The end of his military career was still a vibroblade in his back and felt like an actual weight on his chest that Han would carry around for the rest of his days. But right now even that paled in comparison to this newfound fact. He no longer had the option of only looking out for himself, of only caring what happened to him. Among other things, Han now had to come to terms with the fact that he had been locked in carbonite for a month, he didn't even know how to begin to grasp a loss of time of that amount. Time didn't exist in carbon hibernation, something did, but time just spanned on forever, it never changed, it...actually it bore some semblance to the blindness that had followed it, though thankfully that was a far shorter experience. But all this was coupled with the fact Vader had actually gone to Tatooine, had confronted and killed Jabba the Hutt, something most people in the galaxy would never even dream of and none would ever attempt, all to rescue him. Nobody he'd ever known in his entire life would be willing to take that risk, go to all that trouble to save him, none would even try. Perhaps that was the most overwhelming fact of all, how much time and effort and resources Vader had poured into finding him and saving him, when he barely even knew the man. All he knew was that he was his son...a wave of coldness washed through Han as he thought again of just what all Vader had put up with himself through all this, and how much it had to have meant to he himself to get Han back no matter what. Hmm, so that's what a father's love looked like.

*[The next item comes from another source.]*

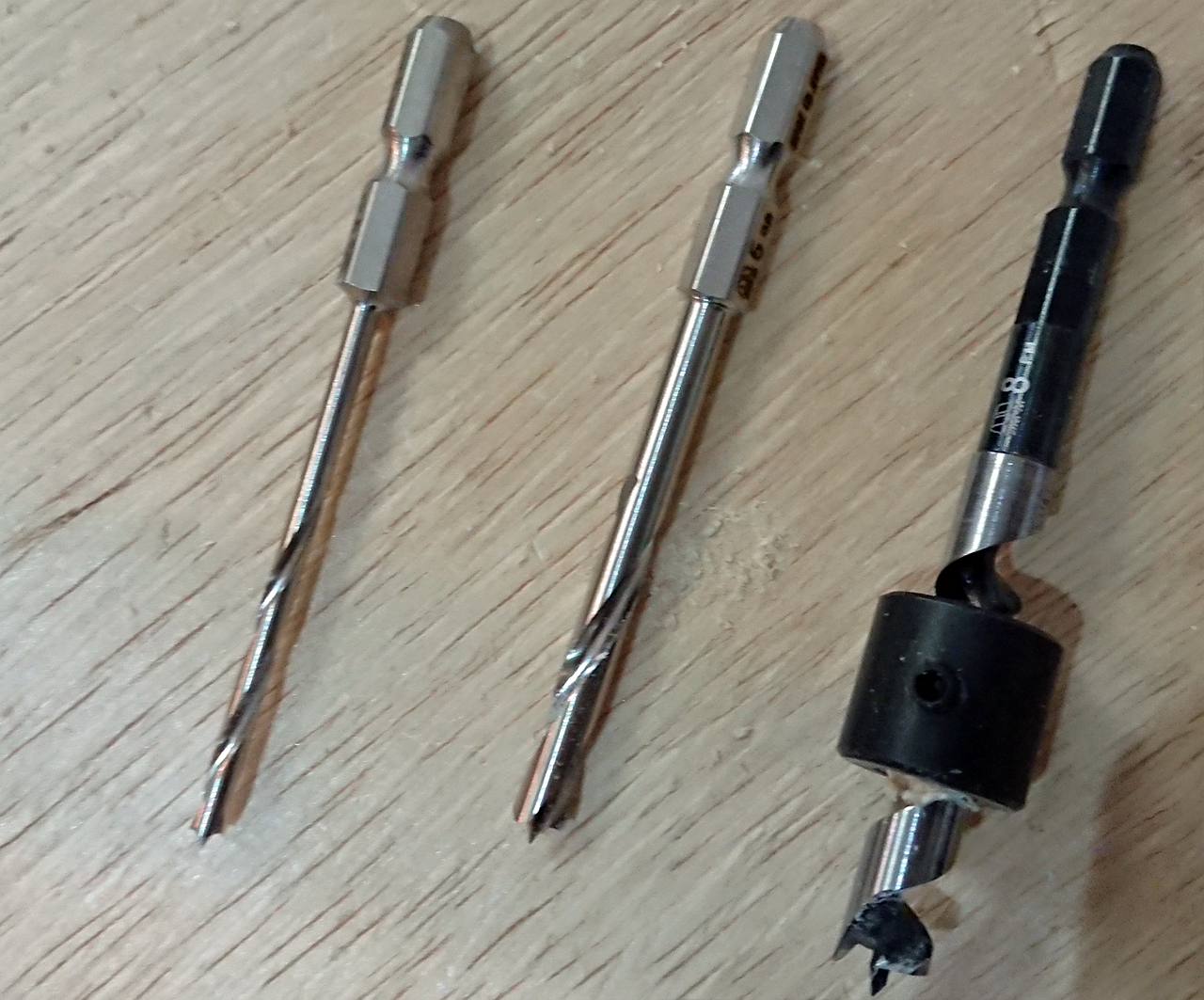 ところが 3mm から 5mm は問題なかったのですが、その後に 8mm を使ったところ、センターが暴れてまともに穴が開けられませんでした。3mm からいきなり 8mm だと綺麗に開きます。こういうところも経験なんだなあと…。あと、最初に見えなくなるところでテストしたのも良かったかなと。こうしてノウハウが溜まっていきます。

Han felt his eyelids getting heavier, and felt his chin drop to his chest, and it seemed he just sat on the floor like that for several minutes, not asleep but barely awake, waiting, trying to figure out what to do next.
He was only faintly aware of himself murmuring, half asleep, "I want my mother," before his eyes opened and he realized he'd actually fallen asleep, but for how long he had no idea. With an occasional sigh and/or groan, he pulled himself up from the floor and looked out the windscreen. It was still night, though he still had no idea which day it was supposed to be. He thought for a minute, then came to a decision.